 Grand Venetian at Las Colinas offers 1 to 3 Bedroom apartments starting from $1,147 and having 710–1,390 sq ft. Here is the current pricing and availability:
== == ==
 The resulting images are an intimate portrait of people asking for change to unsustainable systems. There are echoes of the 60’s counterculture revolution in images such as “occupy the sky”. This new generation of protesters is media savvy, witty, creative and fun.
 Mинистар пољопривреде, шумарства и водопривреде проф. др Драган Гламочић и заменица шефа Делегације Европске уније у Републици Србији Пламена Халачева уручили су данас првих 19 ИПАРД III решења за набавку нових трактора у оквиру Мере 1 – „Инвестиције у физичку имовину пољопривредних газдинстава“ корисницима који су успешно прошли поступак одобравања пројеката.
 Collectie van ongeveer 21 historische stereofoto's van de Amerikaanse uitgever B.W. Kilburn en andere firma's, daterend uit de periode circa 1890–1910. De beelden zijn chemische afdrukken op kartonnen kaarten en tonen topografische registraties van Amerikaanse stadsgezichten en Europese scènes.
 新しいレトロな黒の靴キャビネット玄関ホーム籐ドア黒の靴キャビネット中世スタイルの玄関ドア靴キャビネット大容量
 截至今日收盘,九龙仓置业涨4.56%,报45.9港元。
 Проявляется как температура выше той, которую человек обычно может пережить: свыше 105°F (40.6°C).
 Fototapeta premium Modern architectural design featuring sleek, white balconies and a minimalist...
== == ==
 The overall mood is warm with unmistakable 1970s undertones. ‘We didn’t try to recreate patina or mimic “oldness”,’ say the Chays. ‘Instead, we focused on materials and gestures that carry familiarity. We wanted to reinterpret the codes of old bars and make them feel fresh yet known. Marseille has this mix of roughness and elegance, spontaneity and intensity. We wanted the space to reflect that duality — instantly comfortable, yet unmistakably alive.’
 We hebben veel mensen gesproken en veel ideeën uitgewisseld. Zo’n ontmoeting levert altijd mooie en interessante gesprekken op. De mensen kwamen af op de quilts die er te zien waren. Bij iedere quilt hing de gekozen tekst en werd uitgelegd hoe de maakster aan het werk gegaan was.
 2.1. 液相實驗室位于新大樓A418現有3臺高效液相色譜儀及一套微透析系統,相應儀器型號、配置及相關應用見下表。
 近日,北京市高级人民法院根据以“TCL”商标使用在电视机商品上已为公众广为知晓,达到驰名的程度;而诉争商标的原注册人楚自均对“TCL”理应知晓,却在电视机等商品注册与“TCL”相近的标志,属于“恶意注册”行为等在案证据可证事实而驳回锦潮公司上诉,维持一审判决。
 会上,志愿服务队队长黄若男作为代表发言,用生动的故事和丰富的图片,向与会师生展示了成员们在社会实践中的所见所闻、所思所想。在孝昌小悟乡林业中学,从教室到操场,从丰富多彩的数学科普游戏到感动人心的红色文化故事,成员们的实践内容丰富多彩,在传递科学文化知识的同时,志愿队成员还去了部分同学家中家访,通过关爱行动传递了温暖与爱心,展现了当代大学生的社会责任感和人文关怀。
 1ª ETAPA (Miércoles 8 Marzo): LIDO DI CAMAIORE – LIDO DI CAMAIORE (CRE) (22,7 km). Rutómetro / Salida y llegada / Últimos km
== == ==
◆ How to complete this task ◆
Will you return exactly the lines above from the one with "Collectie van ongeveer" down to the one with "Fototapeta premium Modern", counting both as part of the range?

◆ Solution for this task ◆
 Collectie van ongeveer 21 historische stereofoto's van de Amerikaanse uitgever B.W. Kilburn en andere firma's, daterend uit de periode circa 1890–1910. De beelden zijn chemische afdrukken op kartonnen kaarten en tonen topografische registraties van Amerikaanse stadsgezichten en Europese scènes.
 新しいレトロな黒の靴キャビネット玄関ホーム籐ドア黒の靴キャビネット中世スタイルの玄関ドア靴キャビネット大容量
 截至今日收盘,九龙仓置业涨4.56%,报45.9港元。
 Проявляется как температура выше той, которую человек обычно может пережить: свыше 105°F (40.6°C).
 Fototapeta premium Modern architectural design featuring sleek, white balconies and a minimalist...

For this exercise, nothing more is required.